Reputation: 2018
There are lots of web pages which simply run a script without having any material on them. Is there anyway of seeing the page source without actually visiting the page because it just redirects you ?
Will using an html parser work to do this ? I'm using simpleHTMLdom to parse the page ?
Upvotes: 1
Views: 9787
Reputation: 318508
In firefox you can use the view-source protocol to view only the sourcecode of a site without actually rendering it or executing JavaScripts on it.
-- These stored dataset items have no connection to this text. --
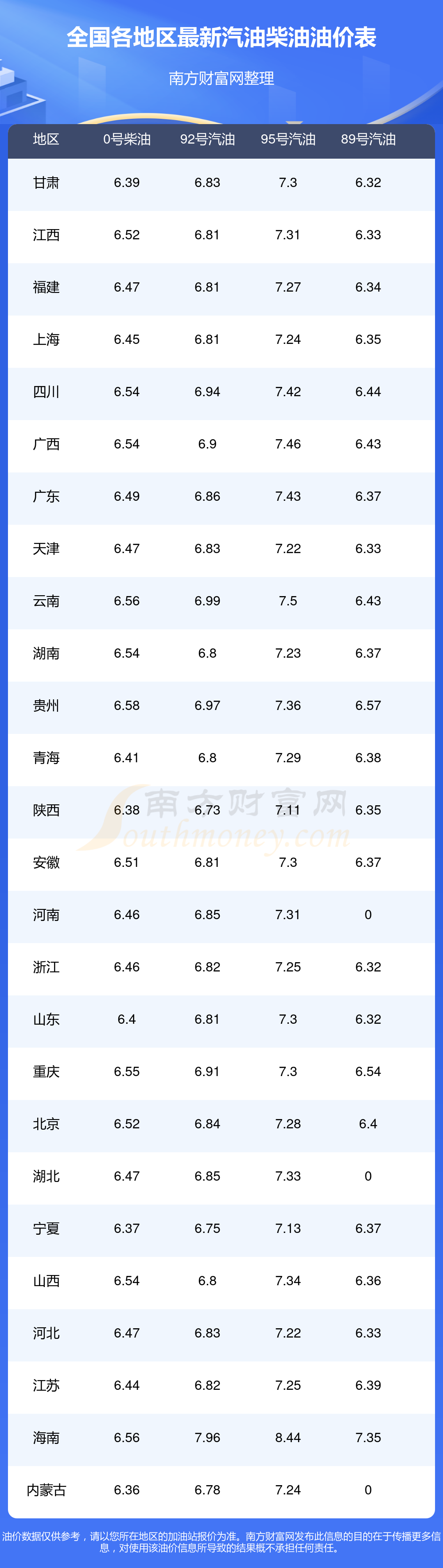 全國(guó)各地區(qū)2025年最新油價(jià)表
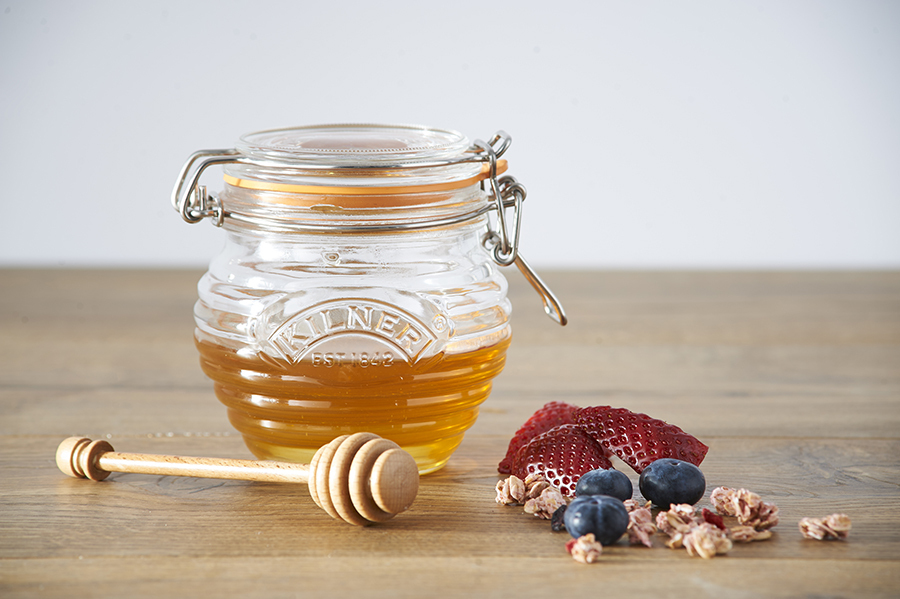 Банка из коллекции Clip Top для мёда со специальной ложкой из натурального дерева в подарочной упаковке. Банки из коллекции выполнены из стекла и украшены фирменный логотипом бренда Kilner. Они оснащены удобными, плотно закрывающимися крышками с силиконовой прокладкой для обеспечения герметичности, чтобы продукты сохраняли свою свежесть. Банки прекрасно подходят для хранения самых разных продуктов: варенье, соусы, мёд, кофе, сахар, мука, чай, леденцы, соленья и т.д. Банки также можно использовать в качестве декора или для хранения приятных мелочей и принадлежностей для рукоделия.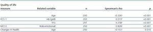 Upon analysing dimensions and summary measures we found a better level of quality of life in role-emotional and social functioning; body pain, general health and changes in health were rated lower by patients. The summary measure for physical health was more affected than that for mental health.

Example: view-source:http://stackoverflow.com/q/5781021/298479 (copy it to your address bar)
Upvotes: 7
Reputation: 8528
If you need a quick & dirty fix, you could disable JavaScript and Meta redirects (Internet Explorer can disable these in the Internet Options dialog. Firefox can use the NoScript add-in for same effect.)
This won't any server-side redirects, but will prevent client-side redirects and allow you to see the document's HTML source.
Upvotes: 1
Reputation: 63588
If you are trying to HTML-Scrape the contents of a page that builds 90%+ of its content/view through executing JavaScript you are going to encounter issues unless you are rendering to a screen (hidden) and then scraping that. Otherwise you'll end up scraping a few script tags which does you little good.
e.g. If I try to scrape my Gmail inbox page, it is an empty HTML page with just a few scattered script tags (likely typical of almost all GWT based apps)
Does the page/site you are scraping have an API? If not, is it worth asking them if they have one in the works?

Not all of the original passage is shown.